# Red



## Nm156 (May 16, 2015)

This is Red.I pick him up on the 22nd and save him from the soup pot.


----------



## Nm156 (May 16, 2015)

He is about 4 months old.


----------



## robin416 (Sep 8, 2013)

Love that color, deep dark rich red.

Check his legs, he might have mites or he's quite a bit older than you think. Or it could be me not seeing it right, again.


----------



## Nm156 (May 16, 2015)

I thought the same with the legs in the pic.I didn't see that in person the other day ,but i'll recheck before i get him.


----------



## robin416 (Sep 8, 2013)

Don't let the possibility of mites stop you, they are pretty easy to treat on a clean legged bird.


----------



## seminole wind (Aug 22, 2015)

Wow, very nice. Is he your only rooster?


----------



## Nm156 (May 16, 2015)

He'll be the second roo.


----------



## dawg53 (Aug 25, 2015)

What breed is he? He IS a good looking roo. I agree about the legs, might be scaly leg mites.


----------



## Nm156 (May 16, 2015)

dawg53 said:


> What breed is he? He IS a good looking roo. I agree about the legs, might be scaly leg mites.


He's a Buckeye,i think the leg thing is the picture


----------



## Nm156 (May 16, 2015)

Here's the feet.


----------



## robin416 (Sep 8, 2013)

Yep, it was the pic.
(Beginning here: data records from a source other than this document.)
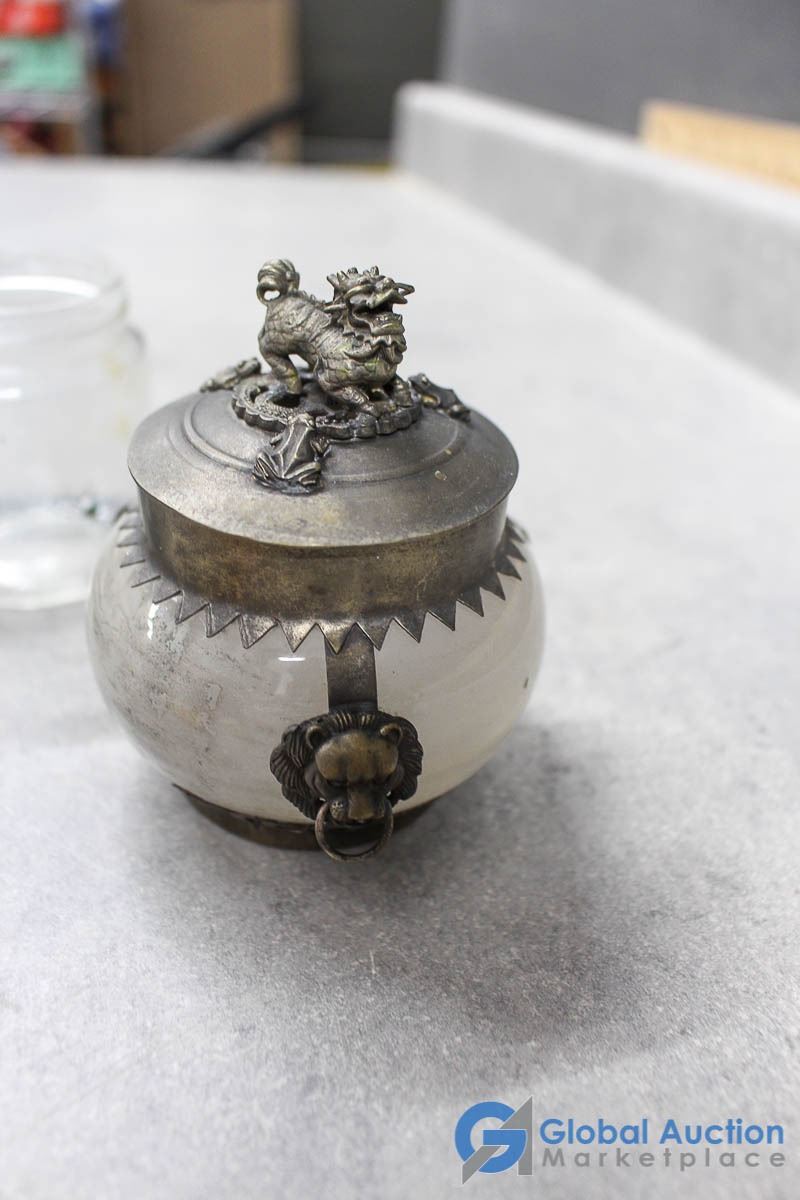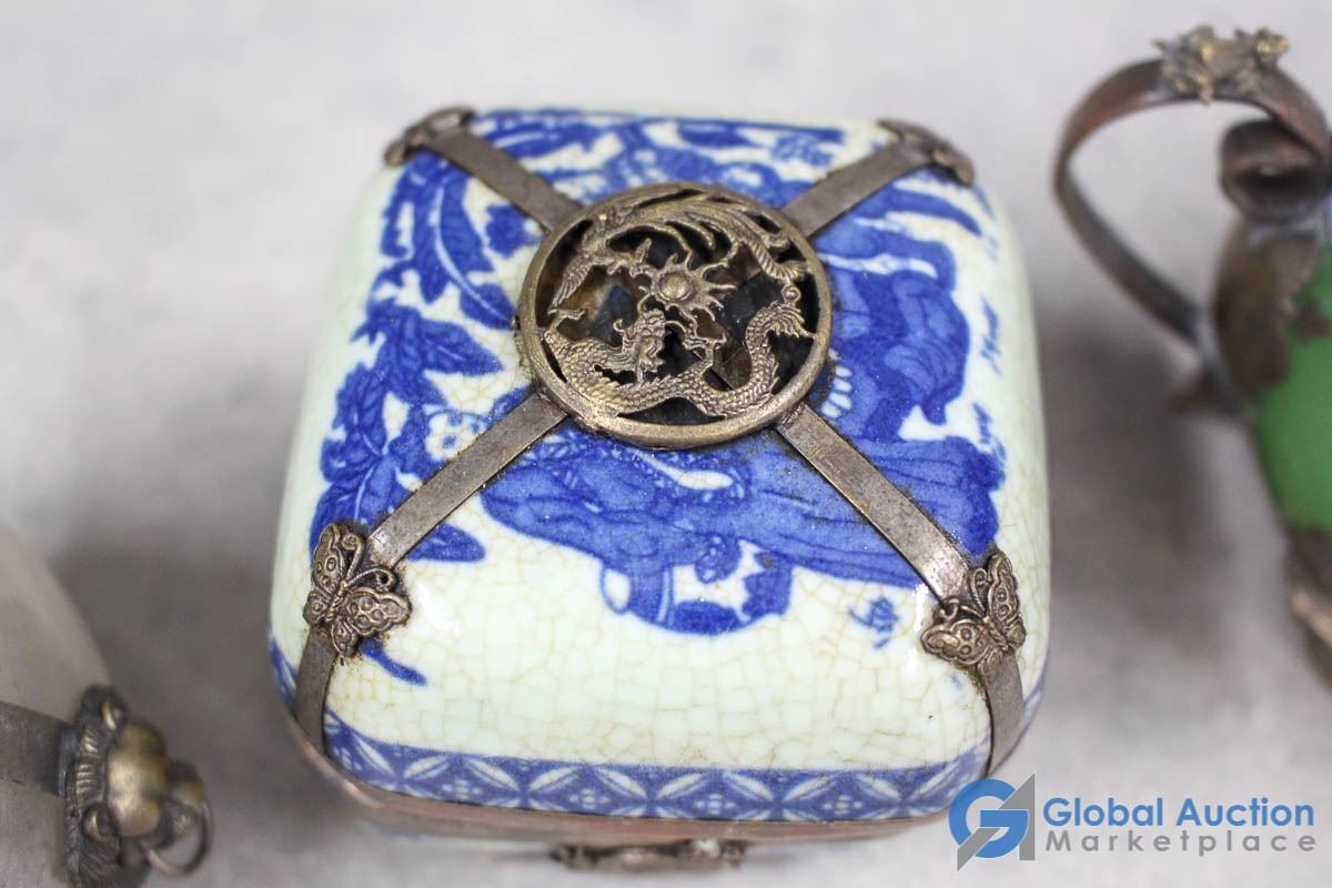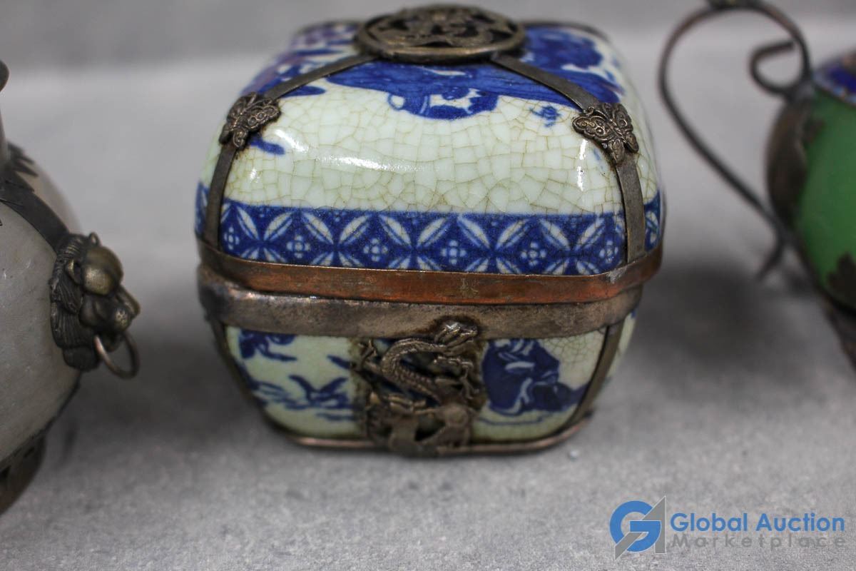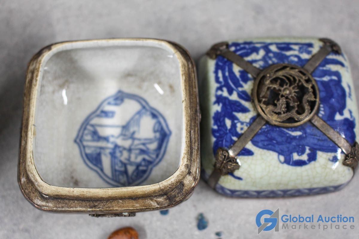 Ornate Small Teapot, Dishes & Rocks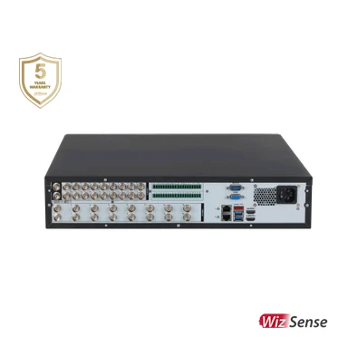 مسجل فيديو رقمي متقدم من شركة داهوا ضمن سلسلة WizSense، يدعم تركيب وتشغيل 16 قناة فيديو تناظرية بالإضافة إلى كاميرات IP (حتى 32 قناة إجمالًا) بتقنية Penta‑brid، مما يعني أنه يقبل أنواعًا متعددة من الكاميرات التناظرية (HDCVI, TVI, AHD, CVBS) وكاميرات الشبكة ضمن نفس النظام. يوفر المسجل تسجيلًا بدقة تصل حتى 4K وجودة عالية في العرض والتخزين، مع استخدام تقنيات ضغط ذكية لتقليل استخدام التخزين وتحسين الأداء. كما يحتوي على ميزات ذكاء اصطناعي مدمجة مثل SMD Plus (تمييز الأشخاص والمركبات)، حماية محيطية (التحذير عند عبور خطوط أو دخول مناطق)، كشف الوجوه والتعرف على الوجوه على قنوات معينة، إضافة إلى QuickPick 2.0 لتسهيل استرجاع المقاطع المهمة بدقة. منافذ العرض المتعددة تشمل HDMI وVGA لدعم شاشات حتى دقة 4K، مع إمكانيات للنسخ الاحتياطي عبر USB أو الشبكة وواجهة استخدام مرنة للعرض المحلي والتحكم عن بُعد.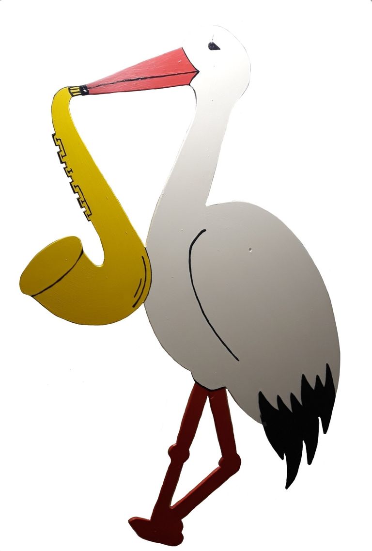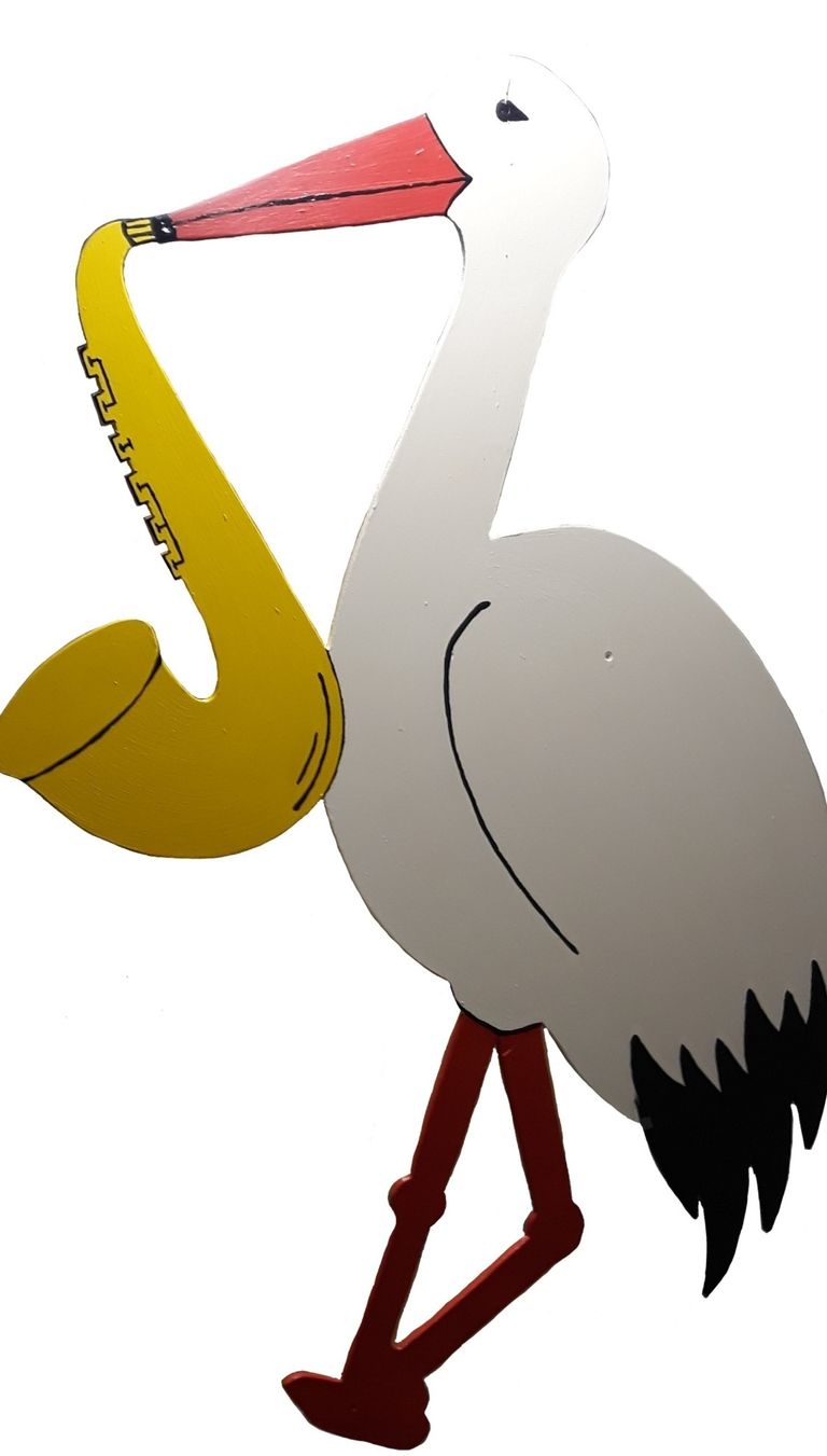 Hier ein stehender Storch. Als individueller Zusatz spielt der Storch auf einem Saxophon.

They must have enlarged it because it does look like pixelation sort of.


----------



## dawg53 (Aug 25, 2015)

His feet/legs look good to me, must've been the pic like you mentioned.


----------



## seminole wind (Aug 22, 2015)

Buckeyes are very popular. I'll be anxious to here what you say about him. His feet look fine. I think I would dust him and worm him, though. His feet look like young feet-if there's such a way to tell, LOL


----------



## dawg53 (Aug 25, 2015)

Young roosters spurs are usually one third inch or less at 6 months old. The scales are smaller in size on their feet and tighter looking. He'll be chasing all the hens that he senses are fertile and able to reproduce. He may choose one or two favorites.
I introduced a young new rooster to my flock once and he immediately went after one of my older hens that completely stopped laying and tried to kill/eliminate her due to her infertility, survival of the fittest. Big mistake for the rooster, the hen he attacked was my favorite. I donated him to the feed store for resale.
This why I prefer older roosters, the older the better; less raging hormones.


----------



## seminole wind (Aug 22, 2015)

Interesting what you said. My 8 year old is shunned from the treats. How mean! I always sneak her treats now.


----------



## Nm156 (May 16, 2015)

I picked him up today.The white stuff is snow.


----------



## seminole wind (Aug 22, 2015)

Michigan? Snow? Nah.


----------



## Nm156 (May 16, 2015)

Poor Red , moves to a new home and gets his first snow.


----------



## seminole wind (Aug 22, 2015)

Snow is much better than oven stuffer roaster.


----------



## Nm156 (May 16, 2015)

He decided to come out.


----------



## zamora (May 26, 2015)

Congrats on the new addition. I think the first picture is misleading, I was wondering about his legs too. LOL


----------



## Nm156 (May 16, 2015)

Thanks everybody.I'm glad people caught the legs, i thought the same when i got the picture.


----------



## seminole wind (Aug 22, 2015)

I like him. He's pretty. A few years ago I put one of my roos in with about 7 hens and he hid from them for 3 days. At night he would be in the nest with his head hidden, LOL


----------



## Nm156 (May 16, 2015)

The first day i got him 11-21-15


----------



## Nm156 (May 16, 2015)

Today 2-8-16


----------



## seminole wind (Aug 22, 2015)

What's his name???


----------



## Nm156 (May 16, 2015)

red boy..........
:d


----------



## robin416 (Sep 8, 2013)

He's filled out nicely. Love that color.


----------



## chickenqueen (Jan 9, 2016)

Is he a bachelor who lives alone or does he have have some girlfriends?He looks so much better in the after pictures.Good-looking rooster!


----------



## Nm156 (May 16, 2015)

He was with the other chickens but he needs a time out.


----------



## seminole wind (Aug 22, 2015)

seminolewind said:


> What's his name???


Well that was a really dumb blonde question (smack forehead)


----------



## WeeLittleChicken (Aug 31, 2012)

Impressive. What a pretty boy. We have a Big Red too.


----------



## seminole wind (Aug 22, 2015)

Yea, me too and i call him Blue (JG)


----------